BEGIN Information supplied

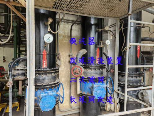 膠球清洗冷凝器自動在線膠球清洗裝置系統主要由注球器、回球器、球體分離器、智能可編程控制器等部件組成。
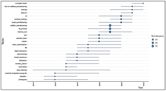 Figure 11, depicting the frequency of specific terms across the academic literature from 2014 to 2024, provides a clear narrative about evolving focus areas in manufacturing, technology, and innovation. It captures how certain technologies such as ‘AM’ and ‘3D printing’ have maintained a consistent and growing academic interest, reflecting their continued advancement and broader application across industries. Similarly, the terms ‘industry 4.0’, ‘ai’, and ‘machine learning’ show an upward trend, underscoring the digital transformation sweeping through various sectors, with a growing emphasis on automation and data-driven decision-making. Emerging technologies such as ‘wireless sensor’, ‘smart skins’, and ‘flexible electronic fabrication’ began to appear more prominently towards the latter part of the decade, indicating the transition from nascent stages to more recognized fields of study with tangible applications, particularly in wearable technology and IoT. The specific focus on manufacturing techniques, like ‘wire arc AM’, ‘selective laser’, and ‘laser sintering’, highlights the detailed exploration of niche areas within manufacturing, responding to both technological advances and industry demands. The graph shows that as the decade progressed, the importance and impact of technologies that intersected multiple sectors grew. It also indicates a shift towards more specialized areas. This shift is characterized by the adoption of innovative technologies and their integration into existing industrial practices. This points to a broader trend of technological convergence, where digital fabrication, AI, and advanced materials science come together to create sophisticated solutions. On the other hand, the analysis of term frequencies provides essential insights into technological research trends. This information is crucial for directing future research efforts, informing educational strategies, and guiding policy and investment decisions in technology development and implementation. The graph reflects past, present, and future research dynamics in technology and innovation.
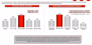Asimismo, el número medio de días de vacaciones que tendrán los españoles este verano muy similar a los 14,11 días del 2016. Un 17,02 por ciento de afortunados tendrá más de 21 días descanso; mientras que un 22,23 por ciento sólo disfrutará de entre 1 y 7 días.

END Information supplied

* **What you need to do**: A word-for-word copy of the listing is needed, with no pictures in it.

* **Task output**:
 膠球清洗冷凝器自動在線膠球清洗裝置系統主要由注球器、回球器、球體分離器、智能可編程控制器等部件組成。
 Figure 11, depicting the frequency of specific terms across the academic literature from 2014 to 2024, provides a clear narrative about evolving focus areas in manufacturing, technology, and innovation. It captures how certain technologies such as ‘AM’ and ‘3D printing’ have maintained a consistent and growing academic interest, reflecting their continued advancement and broader application across industries. Similarly, the terms ‘industry 4.0’, ‘ai’, and ‘machine learning’ show an upward trend, underscoring the digital transformation sweeping through various sectors, with a growing emphasis on automation and data-driven decision-making. Emerging technologies such as ‘wireless sensor’, ‘smart skins’, and ‘flexible electronic fabrication’ began to appear more prominently towards the latter part of the decade, indicating the transition from nascent stages to more recognized fields of study with tangible applications, particularly in wearable technology and IoT. The specific focus on manufacturing techniques, like ‘wire arc AM’, ‘selective laser’, and ‘laser sintering’, highlights the detailed exploration of niche areas within manufacturing, responding to both technological advances and industry demands. The graph shows that as the decade progressed, the importance and impact of technologies that intersected multiple sectors grew. It also indicates a shift towards more specialized areas. This shift is characterized by the adoption of innovative technologies and their integration into existing industrial practices. This points to a broader trend of technological convergence, where digital fabrication, AI, and advanced materials science come together to create sophisticated solutions. On the other hand, the analysis of term frequencies provides essential insights into technological research trends. This information is crucial for directing future research efforts, informing educational strategies, and guiding policy and investment decisions in technology development and implementation. The graph reflects past, present, and future research dynamics in technology and innovation.
Asimismo, el número medio de días de vacaciones que tendrán los españoles este verano muy similar a los 14,11 días del 2016. Un 17,02 por ciento de afortunados tendrá más de 21 días descanso; mientras que un 22,23 por ciento sólo disfrutará de entre 1 y 7 días.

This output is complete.